• **Your task**: Give back the full listing verbatim, apart from its images.

• **Given material**:
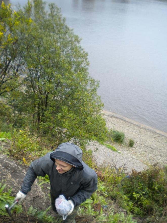 Наконец, когда у дождя лопнуло терпение, и он почти перестал лить, полезли наверх. Нарушая технику безопасности: отсутствие опоры на три точки — руки заняты образцами и молотками; гуськом друг под другом; без страховочного троса.
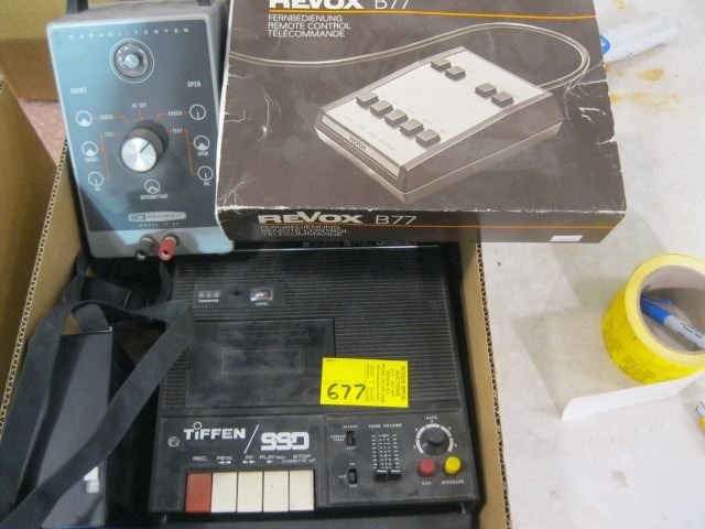 BOX WITH ASST. ELECTRONICS, TAPE DECK, HEATHKIT, TESTER, REVOC B77 REMOTE CONTROL, ETC.
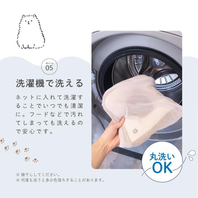 ネットに入れて洗濯することでいつでも清潔に。フードなどで汚れてしまっても洗えるので安心です。

• **Problem solution**:
 Наконец, когда у дождя лопнуло терпение, и он почти перестал лить, полезли наверх. Нарушая технику безопасности: отсутствие опоры на три точки — руки заняты образцами и молотками; гуськом друг под другом; без страховочного троса.
 BOX WITH ASST. ELECTRONICS, TAPE DECK, HEATHKIT, TESTER, REVOC B77 REMOTE CONTROL, ETC.
 ネットに入れて洗濯することでいつでも清潔に。フードなどで汚れてしまっても洗えるので安心です。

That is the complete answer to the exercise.